There are definitely some salient racial aspects here, but, staying with
the income issue, look at the coefficient for family income, 0.3009.
The p-value is essentially 0, which in an academic research journal
would classically be heralded with much fanfare, termed "very highly
significant," with a 3-star insignia.  Indeed, the latter is seen in the
output above.  But actually, the impact of family income is not 
significant in practical terms.  Here's why:

Family income in this dataset is measured by quintiles.  So
```{marginfigure}
Mathematically, testing for a 0 effect is equivalent to checking
whether the CI contains 0.  But this is missing the point of the CI,
which is to (a) give us an idea of the effect *size*, and (b) to
indicate *how accurate* our estimate is of that size.  Aspect (a) is given
by the location of the center of the interval, while (b) is seen from
the CI's radius.
```
this estimated coefficient says that,
for example, if we compare people who grew up in the bottom 20% of
income with those who were raised in the next 20%, the mean LSAT score
rises by only about 1/3 of 1 point--on a test where scores are typically
in the 20s, 30s and 40s.  The 95% confidence interval (CI),
(0.2304,0.3714), again indicates that the effect size here is very
small.

So family income is not an important factor after all,
and the significance test was highly misleading.

# But Aren't There Setting in Which Significance Testing Is of Value?

Some who read the above may object, "Sure, there sometimes may be a
difference between statistical significance and practical significance.
But I just want to check whether my model fits the data."  Actually,
it's the same problem.

*"I just want to check whether my model fits the data"*`

For instance, suppose we are considering adding an interaction term
between race and undergraduate GPA to our above model.   Let's fit this
more elaborate model, then compare.

```{r}
w1 <- lm(lsat ~ .+race1:ugpa,lsa)  # add interaction 
summary(w1)
```

Indeed, the Black and white interaction terms with undergraduate GPA are
"very highly significant."  But that does mean we should use the more
complex model?  Let's check the actual impact of including the
interaction terms, by doing predictions of both models on an example X
value:

```{r}
typx <- lsa[1,-5]  # set up an example case
predict(w,typx)  # no-interaction model
predict(w1,typx)  # with-interaction model
```

We see here that adding the interaction term changed the
predictions--and the estimated value of the regession function--by only
about 0.02 out of a 40.23 baseline.  So, while the test has validated
our with-interaction model, we may well prefer the simpler,
no-interaction model.

*"I just want to know whether the effect is positive or negative"*

Here we have a different problem, bias.  Our linear model is just that,
a model, and its imperfection will induce a bias.  This could change the
estimated effect from positive to negative or vice versa, **even with an
infinite amount of data**.  With larger and larger dataset size n, the
variance of estimated parameters goes to 0, but the bias won't go away.

*Bottom line:*

We must not take small p-values literally.

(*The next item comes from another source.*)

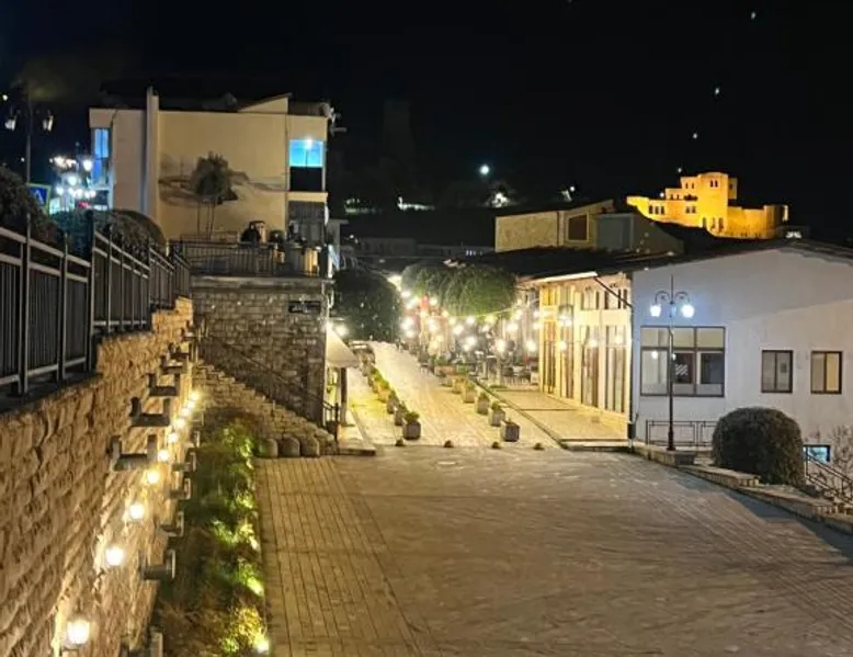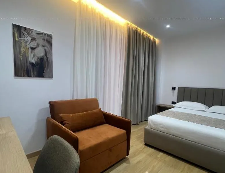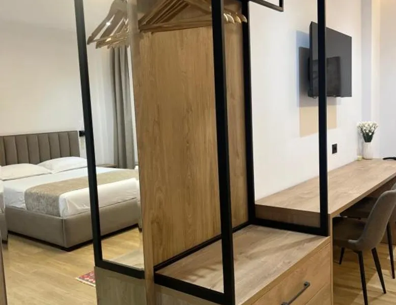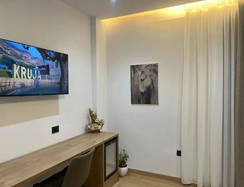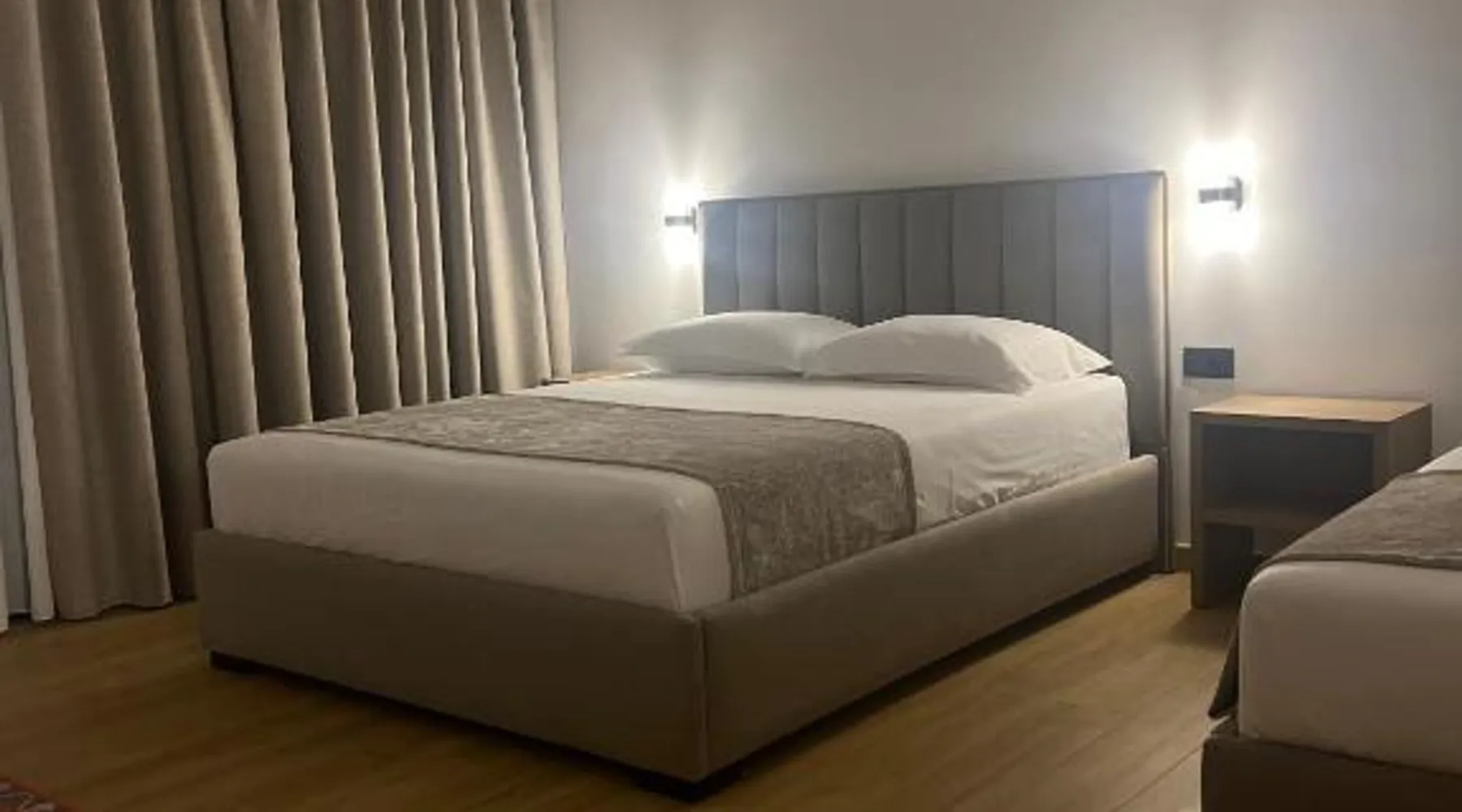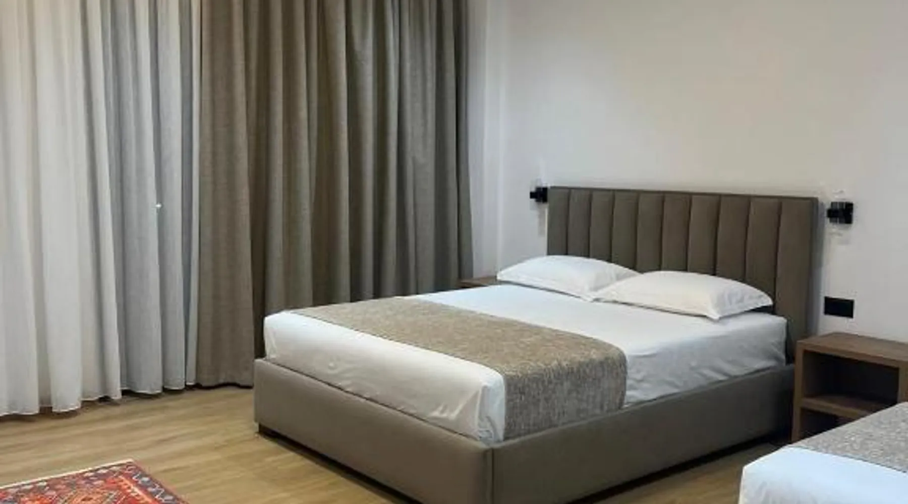 Comfortable Accommodations: Skanderbeg Hotel in Kruje offers family rooms with air-conditioning, balconies, and private bathrooms. Each room includes a bath, bidet, and free toiletries. Mountain and city views enhance the stay. Exceptional Facilities: Guests can relax in the garden or bar, enjoy free WiFi, and take advantage of the outdoor seating area. Additional amenities include a paid shuttle service, 24-hour front desk, and free on-site private parking. Delicious Breakfast: A variety of breakfast options are available, including continental, American, Italian, and vegetarian. Local specialties, juice, pancakes, cheese, and fruits are served daily. Prime Location: Located 11 mi from Tirana International Mother Teresa Airport, the hotel is near attractions such as Skanderbeg Square (20 mi) and Dajti Ekspres Cable Car (22 mi). The triple room offers air conditioning, a seating area, a balcony with mountain views as well as a private bathroom boasting a bath. The unit has 2 beds.

# What Is the Underlying Problem, and Its Implications?

The central issue in the above examples, and essentially in any other
testing situation, is that *a significance test is not answering the
question of interest to us.*  

We wish to know whether family income plays a substantial role in the
LSAT, not whether there is any relation at all, no matter how
meaningless.  Similarly, we wish to know whether the interaction between
race and GPA is substantial enough to include it in our model, not
whether there is any interaction at all, no matter how tiny.

The question at hand in research studies is rarely, if ever, whether a
quantity is 0.000... to infinitely many decimal places.  And ask noted, 
our measuring instrument is not this accurate in the first place;
there will always be systemic bias, in our model, our dataset 
and so on.

Thus in almost all cases, significance tests don't address the issue of
interest, which is whether some population quantity is substantial
enough to be considered important.  Analysts should not be misled by
words like "significant." [Modern statistical
practice](https://tinyurl.com/2s7x6h2v) places reduced value, or in the
view of many, no value at all, on significance testing.